**Task description**
Each line of the data below between the one containing "Ghế thương gia" and the one containing "Aumento das algas", both included, is to be repeated exactly. Please omit pictures.

**Exercise materials**
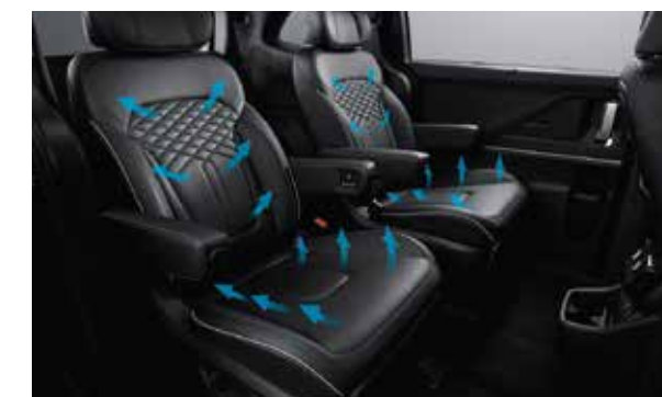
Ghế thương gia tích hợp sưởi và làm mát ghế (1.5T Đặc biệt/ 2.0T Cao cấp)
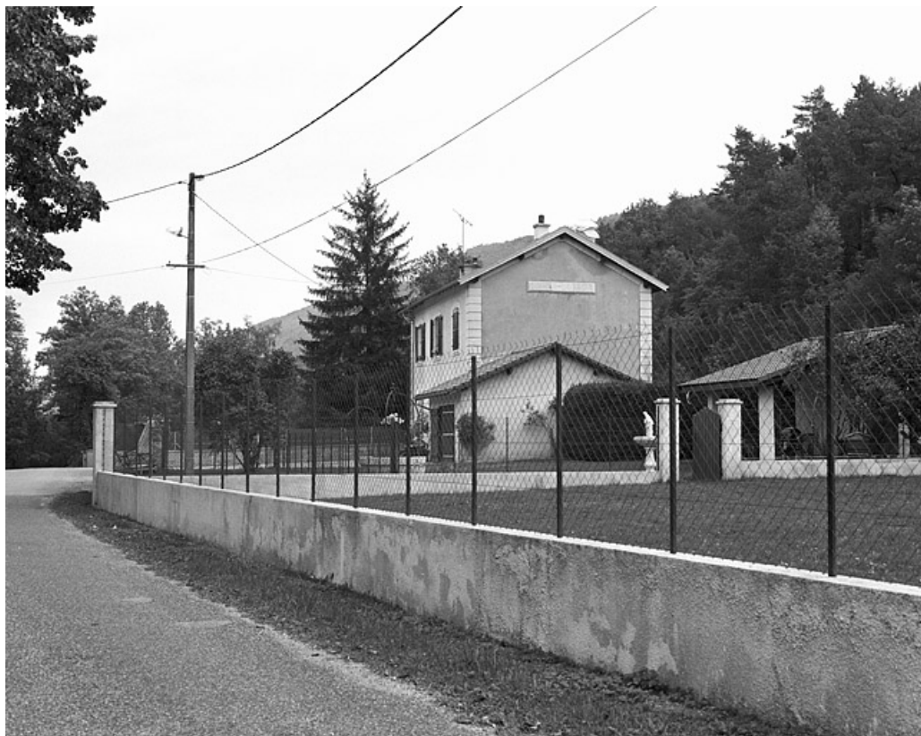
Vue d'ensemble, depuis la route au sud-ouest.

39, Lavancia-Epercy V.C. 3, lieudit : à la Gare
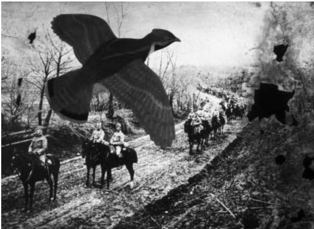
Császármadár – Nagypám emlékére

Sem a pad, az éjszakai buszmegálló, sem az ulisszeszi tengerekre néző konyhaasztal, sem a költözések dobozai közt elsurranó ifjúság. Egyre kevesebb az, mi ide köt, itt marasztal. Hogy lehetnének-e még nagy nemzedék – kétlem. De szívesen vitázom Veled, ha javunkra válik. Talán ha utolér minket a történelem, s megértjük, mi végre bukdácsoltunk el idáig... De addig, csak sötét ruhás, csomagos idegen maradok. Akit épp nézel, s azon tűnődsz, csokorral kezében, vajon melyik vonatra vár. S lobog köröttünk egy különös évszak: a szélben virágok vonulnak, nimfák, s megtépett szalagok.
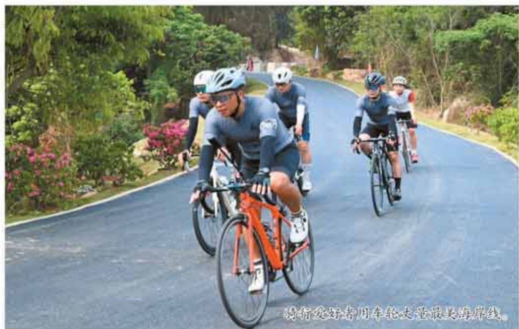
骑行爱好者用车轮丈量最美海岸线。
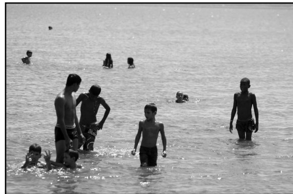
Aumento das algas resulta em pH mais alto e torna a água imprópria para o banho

--

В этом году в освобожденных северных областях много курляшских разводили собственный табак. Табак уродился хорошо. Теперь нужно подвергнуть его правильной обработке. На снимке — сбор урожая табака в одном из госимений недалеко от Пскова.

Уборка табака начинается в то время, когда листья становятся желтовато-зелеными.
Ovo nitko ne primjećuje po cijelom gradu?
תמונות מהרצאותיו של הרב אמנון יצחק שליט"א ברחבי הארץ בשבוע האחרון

...

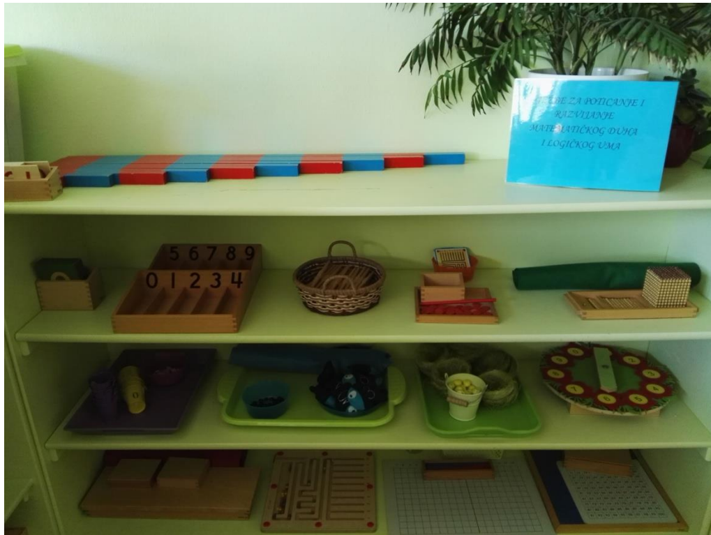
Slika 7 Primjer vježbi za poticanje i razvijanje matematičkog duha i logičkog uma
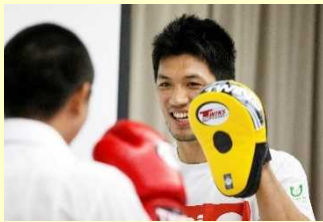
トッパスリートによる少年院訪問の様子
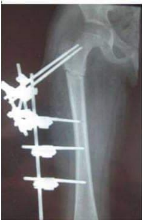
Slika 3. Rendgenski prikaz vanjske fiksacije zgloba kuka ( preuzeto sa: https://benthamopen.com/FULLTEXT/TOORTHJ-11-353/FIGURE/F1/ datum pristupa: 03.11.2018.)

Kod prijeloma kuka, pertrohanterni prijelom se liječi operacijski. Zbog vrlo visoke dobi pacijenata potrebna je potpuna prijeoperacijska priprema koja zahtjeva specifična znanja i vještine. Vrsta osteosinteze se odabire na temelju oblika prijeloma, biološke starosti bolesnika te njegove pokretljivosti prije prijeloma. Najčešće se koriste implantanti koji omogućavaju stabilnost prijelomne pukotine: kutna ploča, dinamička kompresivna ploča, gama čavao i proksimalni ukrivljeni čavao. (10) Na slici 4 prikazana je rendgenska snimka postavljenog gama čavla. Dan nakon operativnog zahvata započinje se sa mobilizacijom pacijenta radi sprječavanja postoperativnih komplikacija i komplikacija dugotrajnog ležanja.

**Output of the task**
Ghế thương gia tích hợp sưởi và làm mát ghế (1.5T Đặc biệt/ 2.0T Cao cấp)
Vue d'ensemble, depuis la route au sud-ouest.

39, Lavancia-Epercy V.C. 3, lieudit : à la Gare
Császármadár – Nagypám emlékére

Sem a pad, az éjszakai buszmegálló, sem az ulisszeszi tengerekre néző konyhaasztal, sem a költözések dobozai közt elsurranó ifjúság. Egyre kevesebb az, mi ide köt, itt marasztal. Hogy lehetnének-e még nagy nemzedék – kétlem. De szívesen vitázom Veled, ha javunkra válik. Talán ha utolér minket a történelem, s megértjük, mi végre bukdácsoltunk el idáig... De addig, csak sötét ruhás, csomagos idegen maradok. Akit épp nézel, s azon tűnődsz, csokorral kezében, vajon melyik vonatra vár. S lobog köröttünk egy különös évszak: a szélben virágok vonulnak, nimfák, s megtépett szalagok.
骑行爱好者用车轮丈量最美海岸线。
Aumento das algas resulta em pH mais alto e torna a água imprópria para o banho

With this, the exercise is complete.